## [Task goal]
Repeat exactly the lines of the records below, starting at the line containing "for Kids Girls" and ending at the line containing "2.1%。智能手机平均售价预测上修至年增6.9%(9 月预测为 3.6%)。". Leave the pictures out.

## [Records for processing]
........
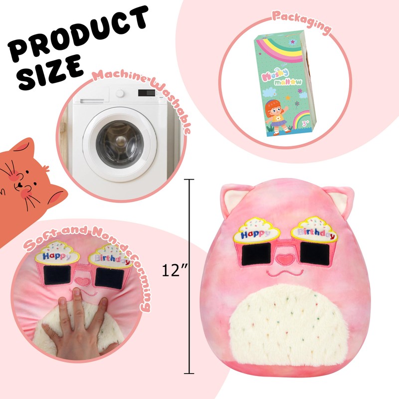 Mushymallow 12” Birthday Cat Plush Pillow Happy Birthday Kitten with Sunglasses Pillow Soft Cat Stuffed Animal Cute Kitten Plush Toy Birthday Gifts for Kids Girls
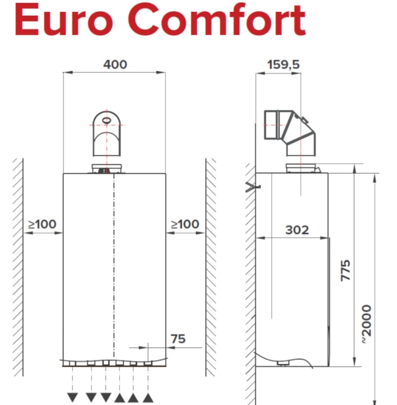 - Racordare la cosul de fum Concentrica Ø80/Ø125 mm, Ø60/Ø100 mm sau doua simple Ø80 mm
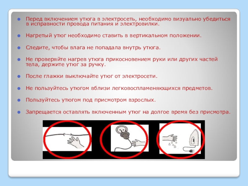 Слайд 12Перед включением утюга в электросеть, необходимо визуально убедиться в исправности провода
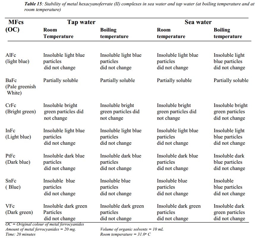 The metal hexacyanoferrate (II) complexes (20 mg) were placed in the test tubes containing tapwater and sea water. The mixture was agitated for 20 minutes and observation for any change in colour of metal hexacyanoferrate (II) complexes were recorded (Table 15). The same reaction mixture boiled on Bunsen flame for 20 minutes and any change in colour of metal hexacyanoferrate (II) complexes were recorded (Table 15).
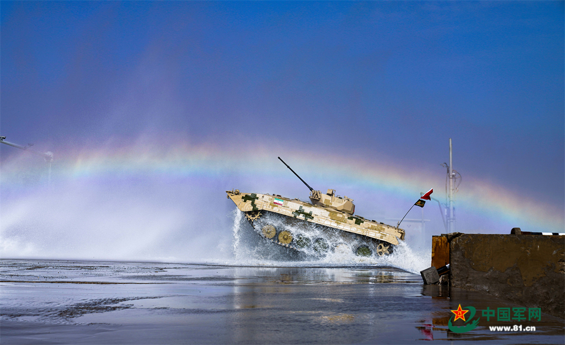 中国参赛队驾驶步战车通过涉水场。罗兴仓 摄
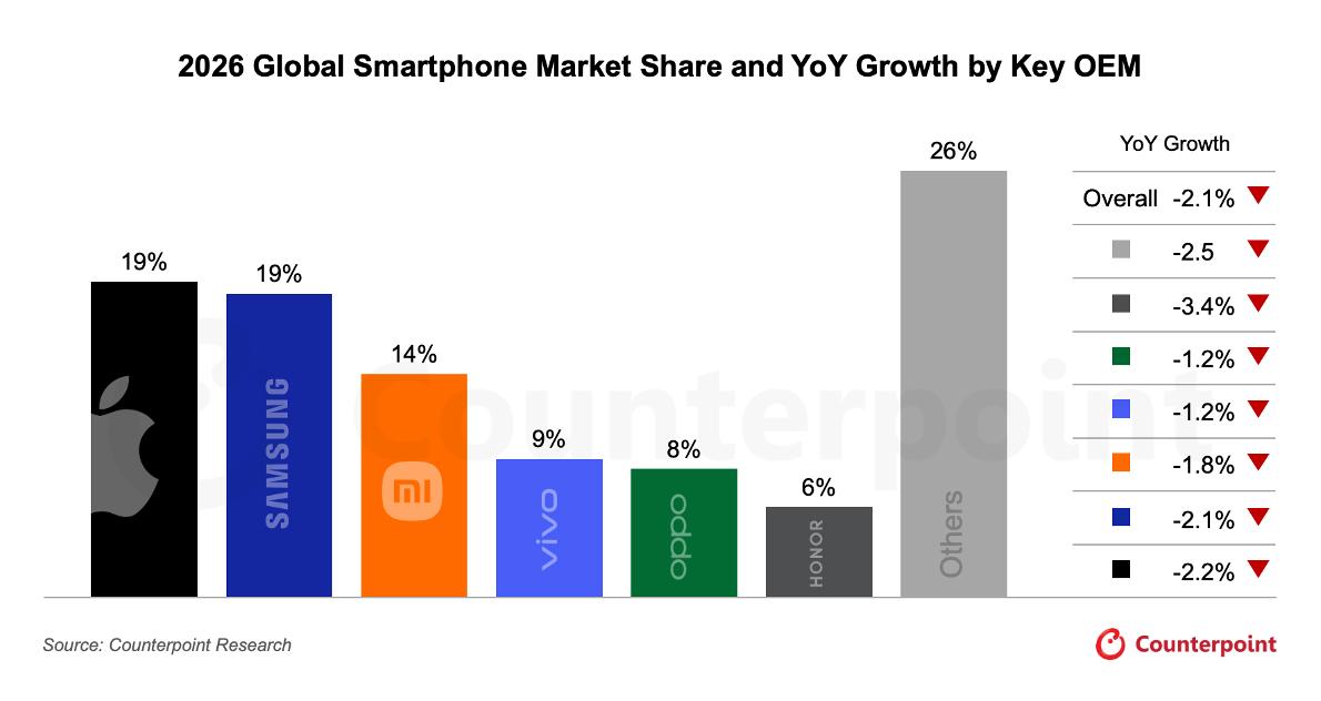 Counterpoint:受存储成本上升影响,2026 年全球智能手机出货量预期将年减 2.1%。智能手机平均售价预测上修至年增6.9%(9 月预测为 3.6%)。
........
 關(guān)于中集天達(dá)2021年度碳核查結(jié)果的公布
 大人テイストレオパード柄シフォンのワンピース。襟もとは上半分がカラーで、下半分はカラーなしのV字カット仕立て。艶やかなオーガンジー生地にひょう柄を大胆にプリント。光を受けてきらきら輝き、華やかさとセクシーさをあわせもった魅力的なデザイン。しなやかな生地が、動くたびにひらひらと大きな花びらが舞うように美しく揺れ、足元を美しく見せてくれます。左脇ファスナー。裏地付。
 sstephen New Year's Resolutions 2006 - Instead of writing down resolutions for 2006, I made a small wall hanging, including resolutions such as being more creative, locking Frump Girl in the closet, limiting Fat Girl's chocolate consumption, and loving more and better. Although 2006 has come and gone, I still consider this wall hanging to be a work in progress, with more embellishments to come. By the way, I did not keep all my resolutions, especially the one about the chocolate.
........
## [Answer]
 Mushymallow 12” Birthday Cat Plush Pillow Happy Birthday Kitten with Sunglasses Pillow Soft Cat Stuffed Animal Cute Kitten Plush Toy Birthday Gifts for Kids Girls
 - Racordare la cosul de fum Concentrica Ø80/Ø125 mm, Ø60/Ø100 mm sau doua simple Ø80 mm
 Слайд 12Перед включением утюга в электросеть, необходимо визуально убедиться в исправности провода
 The metal hexacyanoferrate (II) complexes (20 mg) were placed in the test tubes containing tapwater and sea water. The mixture was agitated for 20 minutes and observation for any change in colour of metal hexacyanoferrate (II) complexes were recorded (Table 15). The same reaction mixture boiled on Bunsen flame for 20 minutes and any change in colour of metal hexacyanoferrate (II) complexes were recorded (Table 15).
 中国参赛队驾驶步战车通过涉水场。罗兴仓 摄
 Counterpoint:受存储成本上升影响,2026 年全球智能手机出货量预期将年减 2.1%。智能手机平均售价预测上修至年增6.9%(9 月预测为 3.6%)。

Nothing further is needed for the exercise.